## RECORDS PROVIDED
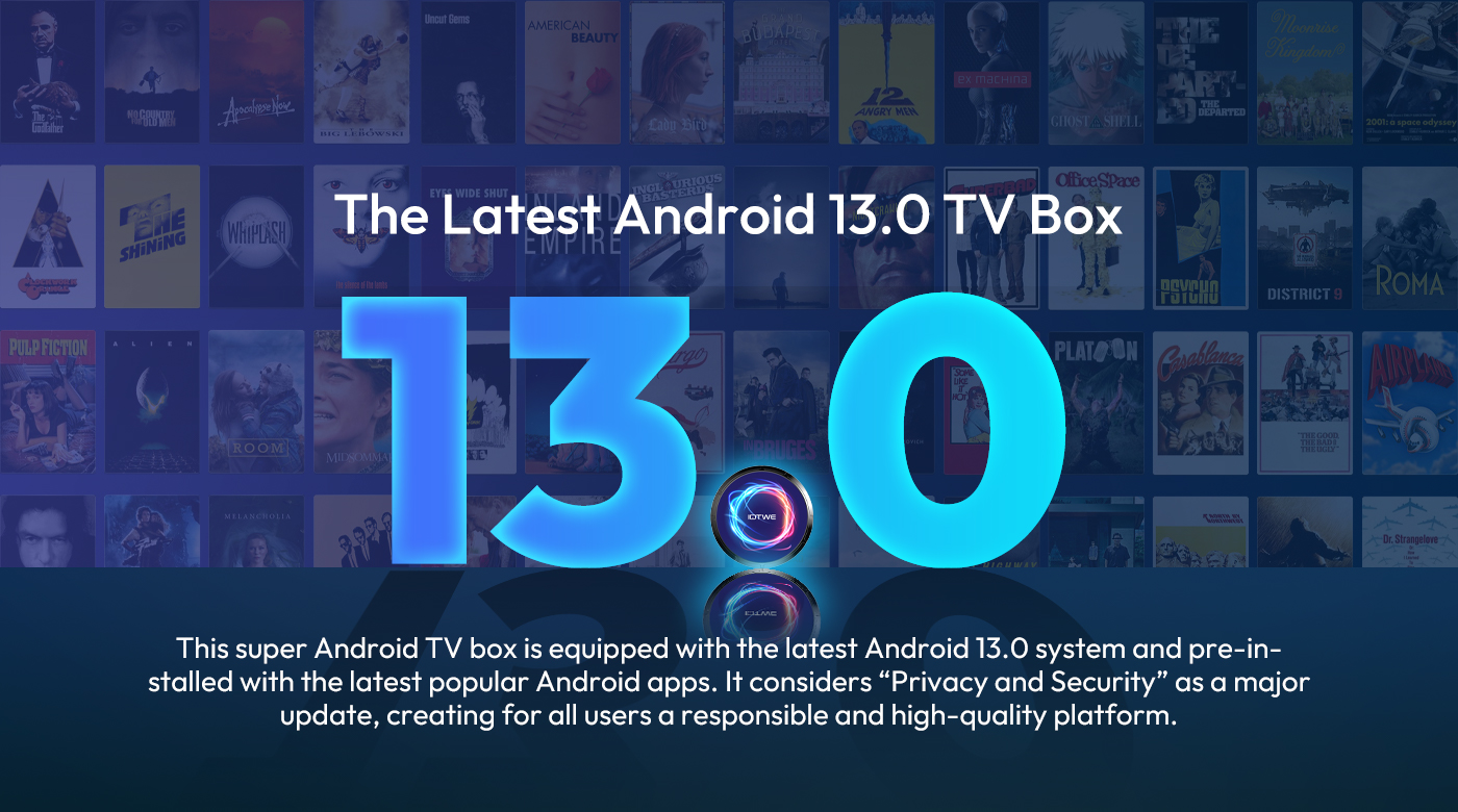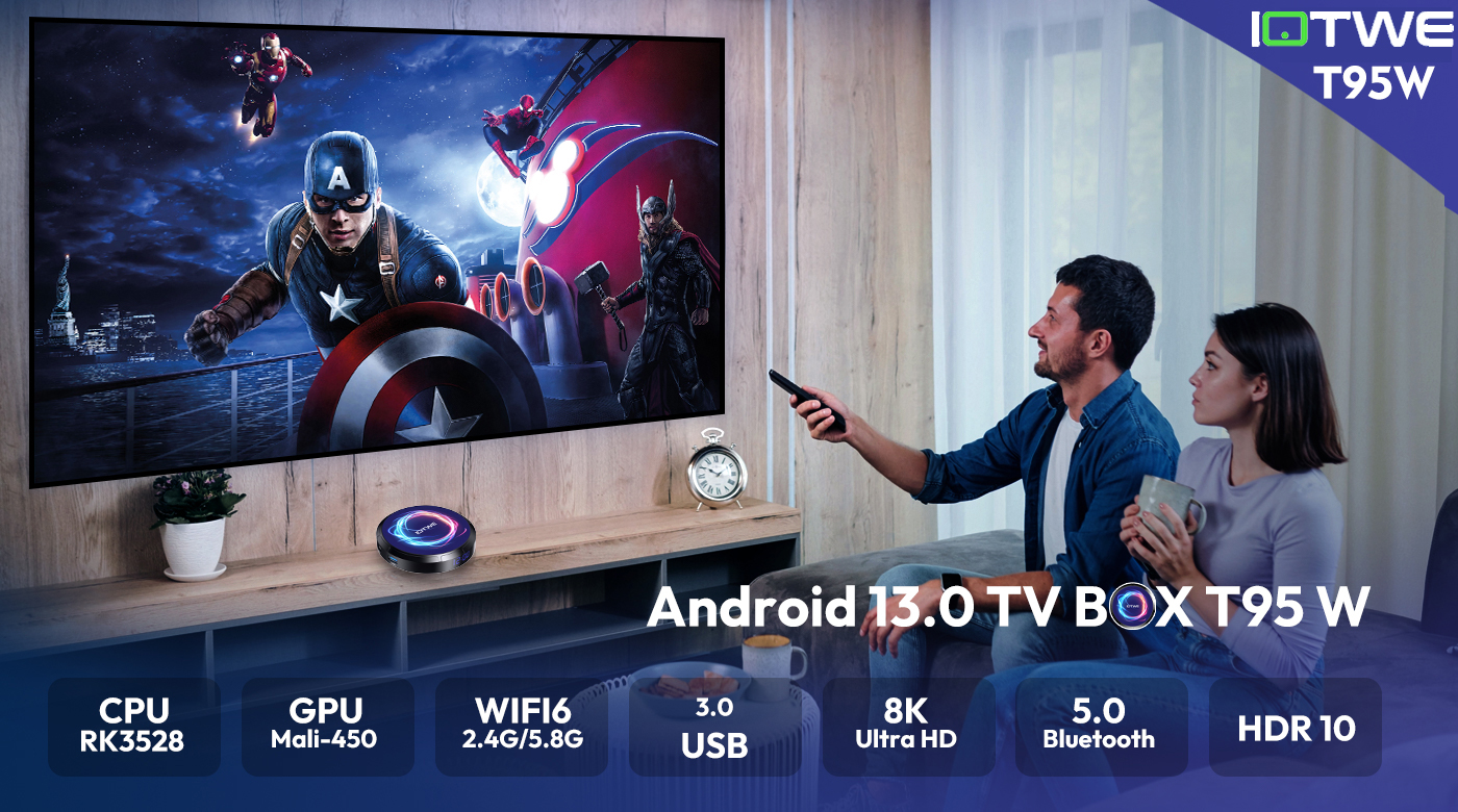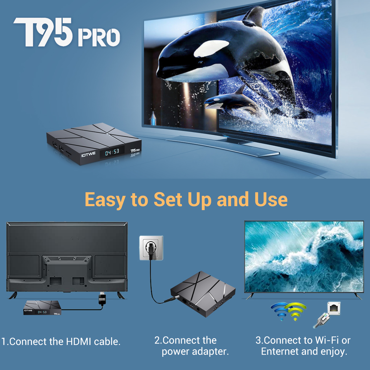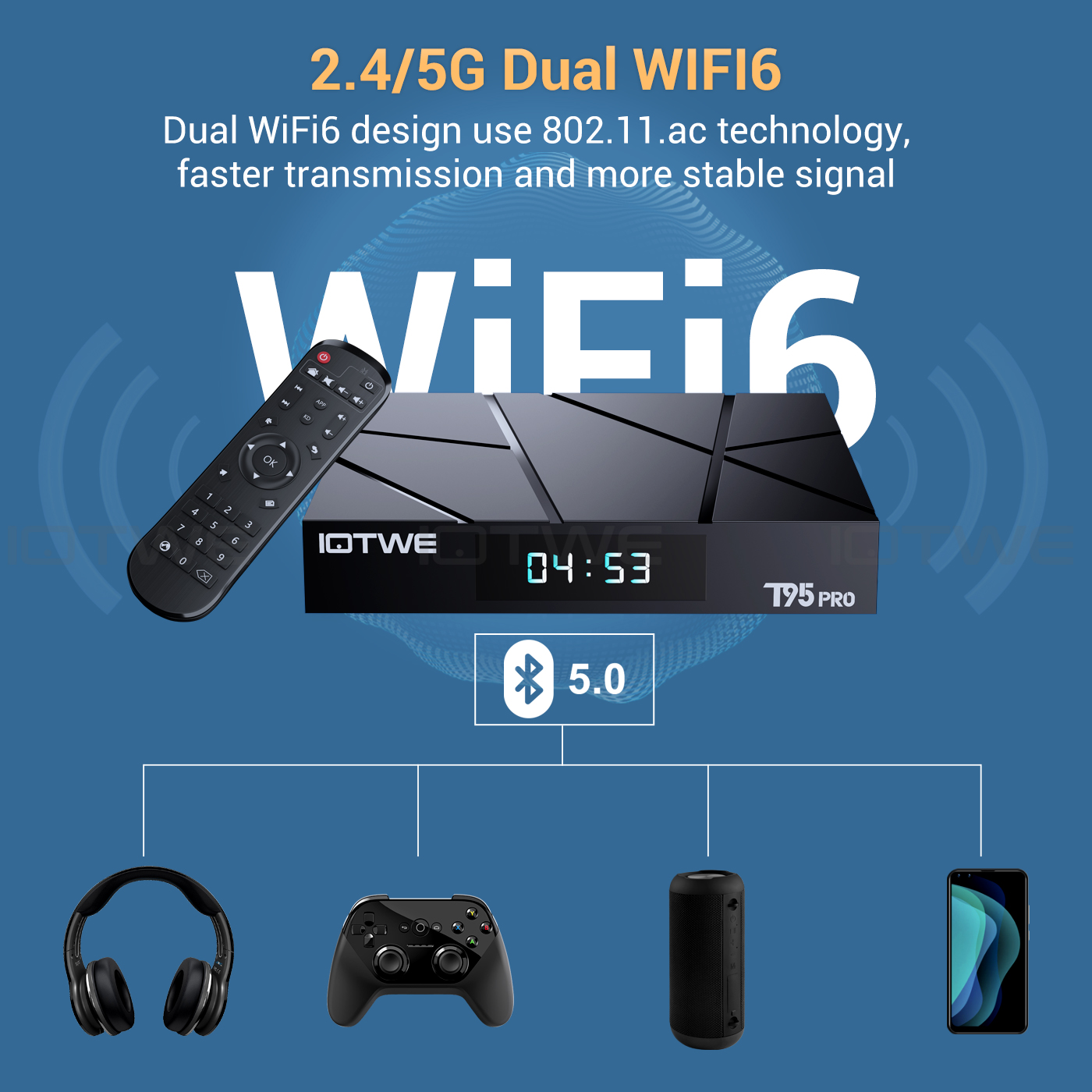 • The T95 W Smart TV Box with Android 13.0 OS offers you an improved operating system compared to Android 12.0. Enjoy the benefits of a faster, more stable system, improved software compatibility, and a streamlined user interface and experience. Experience better games, applications and overall improved performance with the T95 W Android 13.0 TV Box.
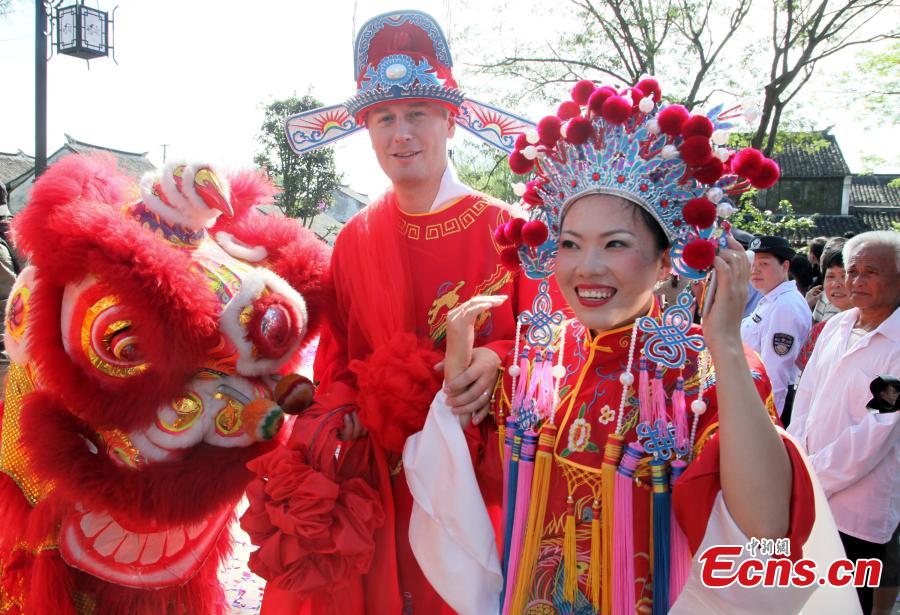A traditional Chinese wedding ceremony for 20 foreign couples is held in Fengjing, an ancient water town of Shanghai on Sunday, September 21, 2014. Couples from 14 countries including India, Singapore, Afghanistan, Spain, and Poland tied the knot and experienced local ethnic customs at the event.
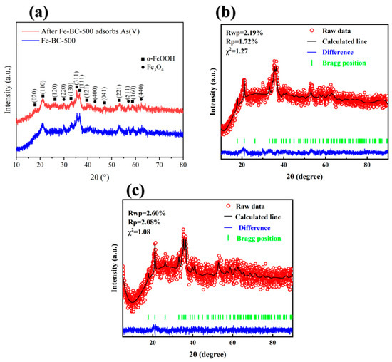 (a) X-ray diffraction spectra of Fe-BC-500 before and after As(V) adsorption; (b) X-ray diffraction refinement spectrum of Fe-BC-500 before As(V) adsorption; (c) X-ray diffraction refinement spectrum of Fe-BC-500 after As(V) adsorption.
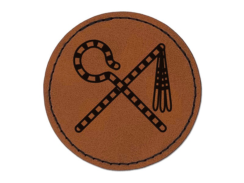 Egyptian Crook and Flail Pharaoh Round Iron-On Engraved Faux Leather Patch Applique - 2.5"
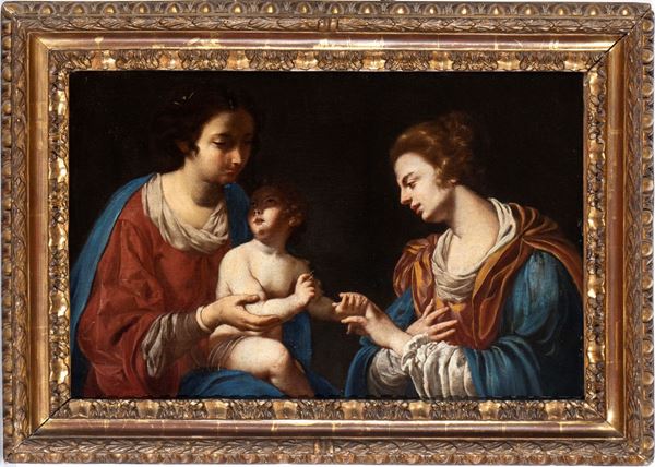 In this enchanting painting, undoubtedly intended for the private devotion of a refined Neapolitan gentleman, one immediately perceives all the most fertile moods of seventeenth-century Neapolitan painting at one of its happiest conjunctures, around the fifth decade of the century. Thus we recognize in this canvas elements akin to the art of the main protagonists of this lively phase, in which residual elements of Caravaggesque naturalism converge in a peculiar interpretation of classicism of Reni and the Emilian painting: from Stanzione to Pacecco, from Andrea Vaccaro to Cavallino. But the most stringent tangencies would be said to be those that link our painting to Onofrio Palumbo (the Virgin in both the Annunciation and the Adoration of the Shepherds, both in the church of Santa Maria della Salute in Naples) and even more so to Artemisia Gentileschi: think of the face of Bathsheba (Columbus Museum of Art, Ohio), the profile of the woman who is washing the basin kneeling in front of the child in the Birth of the Baptist in the Prado Museum in Madrid, or that of the Virgin in the Adoration of the Magi in Pozzuoli Cathedral. The comparison of our composition with the group of the two women and the child in the foreground in the Triumph of David in the State Art Museum of Florida in Sarasota is also interesting.
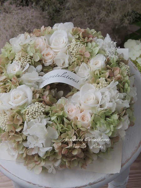 ホワイトグリーンのリースを再販しました! | プリザーブド&ドライフラワー バニラローズ
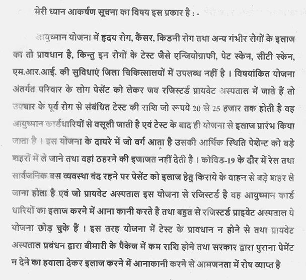 पराई नदी पर परेवा बांध स्वीकृत हुआ था, लेकिन बीच में हम कुछ समय के लिए नहीं आ पाये. स्वीकृत काम जो हमारे कांग्रेस के मित्र थे, उनका नाम हम नहीं लेना चाहते, उन्होंने काम निरस्त करा दिया था. पराई नदी पर परेवा बांध बनने का काम जो प्रशासनिक स्वीकृति पहले जारी हुई थी, उसके आधार पर कार्य प्रारंभ किया जाय. सुखनई, सपरार और उर नदी का भी सर्वे करवाकर हमारे विधान सभा क्षेत्र में पानी देने का काम किया जाय.
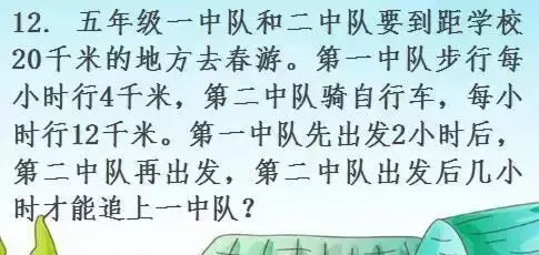 因第一中队早出发2小时比第二中队先行4×2千米,而每小时第二中队比第一中队多行(12-4)千米,由此即可求第二中队追上第一中队的时间。
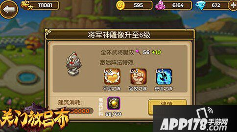建筑投建和升级,虽说是休闲养成的玩法,但是有大部分的建筑功能会与对战效应挂钩,所以提升建筑实力很有必要。譬如城防所可以布置我军的防御固定战术,抵御其他玩家来袭,等级越高生命力越强,效果也就越好;羽林军、近卫营和防御塔的等级提升,可以召唤更多小兵作战,也能为对战提供有利战机;而战神雕像亦可以提升全体武将的作战能力,相当实用。
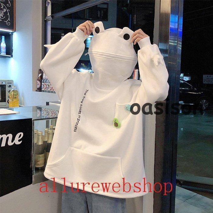 高級な質感 かえる柄 パーカー かわいい 裏起毛 カエル目 ロング トレーナー レディース 萌え トップス 森ガール ゆったり スウェット

## DIRECTIONS FOR THIS TASK
All entries are to be retyped exactly. Omit any embedded images.

## ANSWER FOR THE TASK
 • The T95 W Smart TV Box with Android 13.0 OS offers you an improved operating system compared to Android 12.0. Enjoy the benefits of a faster, more stable system, improved software compatibility, and a streamlined user interface and experience. Experience better games, applications and overall improved performance with the T95 W Android 13.0 TV Box.
A traditional Chinese wedding ceremony for 20 foreign couples is held in Fengjing, an ancient water town of Shanghai on Sunday, September 21, 2014. Couples from 14 countries including India, Singapore, Afghanistan, Spain, and Poland tied the knot and experienced local ethnic customs at the event.
 (a) X-ray diffraction spectra of Fe-BC-500 before and after As(V) adsorption; (b) X-ray diffraction refinement spectrum of Fe-BC-500 before As(V) adsorption; (c) X-ray diffraction refinement spectrum of Fe-BC-500 after As(V) adsorption.
 Egyptian Crook and Flail Pharaoh Round Iron-On Engraved Faux Leather Patch Applique - 2.5"
 In this enchanting painting, undoubtedly intended for the private devotion of a refined Neapolitan gentleman, one immediately perceives all the most fertile moods of seventeenth-century Neapolitan painting at one of its happiest conjunctures, around the fifth decade of the century. Thus we recognize in this canvas elements akin to the art of the main protagonists of this lively phase, in which residual elements of Caravaggesque naturalism converge in a peculiar interpretation of classicism of Reni and the Emilian painting: from Stanzione to Pacecco, from Andrea Vaccaro to Cavallino. But the most stringent tangencies would be said to be those that link our painting to Onofrio Palumbo (the Virgin in both the Annunciation and the Adoration of the Shepherds, both in the church of Santa Maria della Salute in Naples) and even more so to Artemisia Gentileschi: think of the face of Bathsheba (Columbus Museum of Art, Ohio), the profile of the woman who is washing the basin kneeling in front of the child in the Birth of the Baptist in the Prado Museum in Madrid, or that of the Virgin in the Adoration of the Magi in Pozzuoli Cathedral. The comparison of our composition with the group of the two women and the child in the foreground in the Triumph of David in the State Art Museum of Florida in Sarasota is also interesting.
 ホワイトグリーンのリースを再販しました! | プリザーブド&ドライフラワー バニラローズ
 पराई नदी पर परेवा बांध स्वीकृत हुआ था, लेकिन बीच में हम कुछ समय के लिए नहीं आ पाये. स्वीकृत काम जो हमारे कांग्रेस के मित्र थे, उनका नाम हम नहीं लेना चाहते, उन्होंने काम निरस्त करा दिया था. पराई नदी पर परेवा बांध बनने का काम जो प्रशासनिक स्वीकृति पहले जारी हुई थी, उसके आधार पर कार्य प्रारंभ किया जाय. सुखनई, सपरार और उर नदी का भी सर्वे करवाकर हमारे विधान सभा क्षेत्र में पानी देने का काम किया जाय.
 因第一中队早出发2小时比第二中队先行4×2千米,而每小时第二中队比第一中队多行(12-4)千米,由此即可求第二中队追上第一中队的时间。
建筑投建和升级,虽说是休闲养成的玩法,但是有大部分的建筑功能会与对战效应挂钩,所以提升建筑实力很有必要。譬如城防所可以布置我军的防御固定战术,抵御其他玩家来袭,等级越高生命力越强,效果也就越好;羽林军、近卫营和防御塔的等级提升,可以召唤更多小兵作战,也能为对战提供有利战机;而战神雕像亦可以提升全体武将的作战能力,相当实用。
 高級な質感 かえる柄 パーカー かわいい 裏起毛 カエル目 ロング トレーナー レディース 萌え トップス 森ガール ゆったり スウェット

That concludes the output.